Tracing a Memory-leak in a Long Running Eventmachine Application

# Tracing a Memory-leak in a Long Running Eventmachine Application
author
: P.S.V.R

allotted-time
: 30m

theme
: debian

# gist

* What's Eventmachine and How was it used in HuantengSmart
* Memory-leak Symptom
* Diagnosis
* Treatment

# What's Eventmachine

* event-processing library, provides event-driven I/O using the Reactor pattern (反应堆模式)
* single-threaded, scalability limited by _calling request handlers synchronously_ & _demultiplexer_
* not to be confused with Actor model, ex. erlang/celluloid
* not to be confused with Proactor pattern, ex. Boost.Asio

# What's Eventmachine (cont.)

![](reactor_blocking.png){:relative_height='80' reflect_ratio='0.5'}

# nonblocking handler sample (by Longyi)

http = EventMachine::HttpRequest.new(@@url).put :body => @@post_params[@@request_count%2]
http.callback { received http.response if http.response }
{: lang="ruby"}

# blocking handler sample

uri = URI(@@url)
res = Net::HTTP.get_response(uri)
received res
{: lang="ruby"}

# How was EM used in HuantengSmart

* Connecting all TelePort routers
* Hosting a HTTP server for internal Rails to send requests
* Hosting a WebSocket server for mobile apps
* Hosting (yet another) WebSocket server for web pages

# Memory-leak Symptom

| Uptime | Observed Memory Footprint |
|---------|--------|
| Startup | 73M |
| 34min | 84M |
| 1h | 92M |
| 1h44m | 106M |
| 3h10m | 130M |
| 30h | 3.47G |

# Memory-leak Symptom

* Single instance
* Connecting 200 TelePort routers
* Avg.

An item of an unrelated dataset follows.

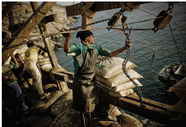
Figure 12. Loading the final product.

Each worker shouldered 125 sacks per day – this corresponds to a total weight of 6.25 t. In order to be able to sustain this extremely strenuous work in the long run, the different working positions are occupied in rotation. Due to extreme climatic conditions, working hours usually start at 4 am and end at 12 noon to avoid high temperatures in the afternoon of more than 35°C. The usual working rhythm is 3 months without rest days.
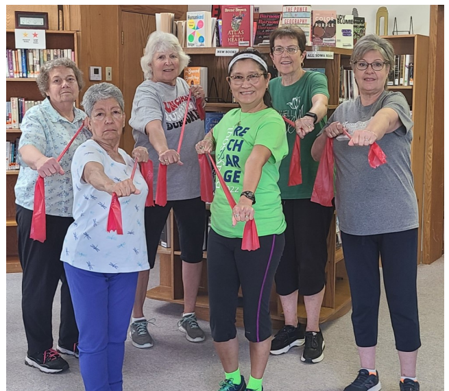
BASE class at Badger Public Library

Leaking 32KB per second

# Diagnosis (1st try)

* conjecture: TelePort routers failed to disconnect
* After TelePort routers _physically_ disconnects the server did not got notified
* resources allocated for a single connection persists

# Diagnosis (1st try - seeking proof)

* implemented RFC1122 TCP keepalive with Tianji

set_sock_opt(Socket::SOL_SOCKET, Socket::SO_KEEPALIVE, true)
# 这个开启keepalive功能

set_sock_opt(Socket::IPPROTO_TCP, Socket::TCP_KEEPIDLE, 15)
# 探测发包时间间隔 15s没有数据通讯后,发送第一个keepalive包,注意有些语言中单位是毫秒

set_sock_opt(Socket::IPPROTO_TCP, Socket::TCP_KEEPINTVL, 15)
# 此后每15s发送一个keepalive包,注意有些语言中单位是毫秒

set_sock_opt(Socket::IPPROTO_TCP, Socket::TCP_KEEPCNT, 4)
# 当连续4个keepalive包没收到的时候,断开连接
{: lang="ruby"}

# Diagnosis (1st try - failed)

* same memory usage beahvior kept going

# Diagnosis (2st try)

* Utilize ObjectSpace
* The ObjectSpace module contains a number of routines that interact with the garbage collection facility and allow you to traverse all living objects with an iterator.

# Diagnosis (2st try)

require 'objspace'
$time_of_start_of_event_machine = Time.now

...

EM.add_periodic_timer(5) do
puts "{{{#{Time.now.to_i - $time_of_start_of_event_machine.to_i}}}}"
p ObjectSpace.count_objects
p ObjectSpace.count_objects_size
end
{: lang="ruby"}

# Diagnosis (2st try - 1min observation)

``{:TOTAL=>535604, :FREE=>82282, :T_OBJECT=>17577, :T_CLASS=>4704, :T_MODULE=>330, :T_FLOAT=>9, :T_STRING=>276773, :T_REGEXP=>825, :T_ARRAY=>55024, :T_HASH=>21509, :T_STRUCT=>512, :T_BIGNUM=>29175, :T_FILE=>5, :T_DATA=>25801, :T_MATCH=>3954, :T_COMPLEX=>1, :T_RATIONAL=>1, :T_NODE=>16701, :T_ICLASS=>421}``

# Diagnosis (2st try - 16min observation)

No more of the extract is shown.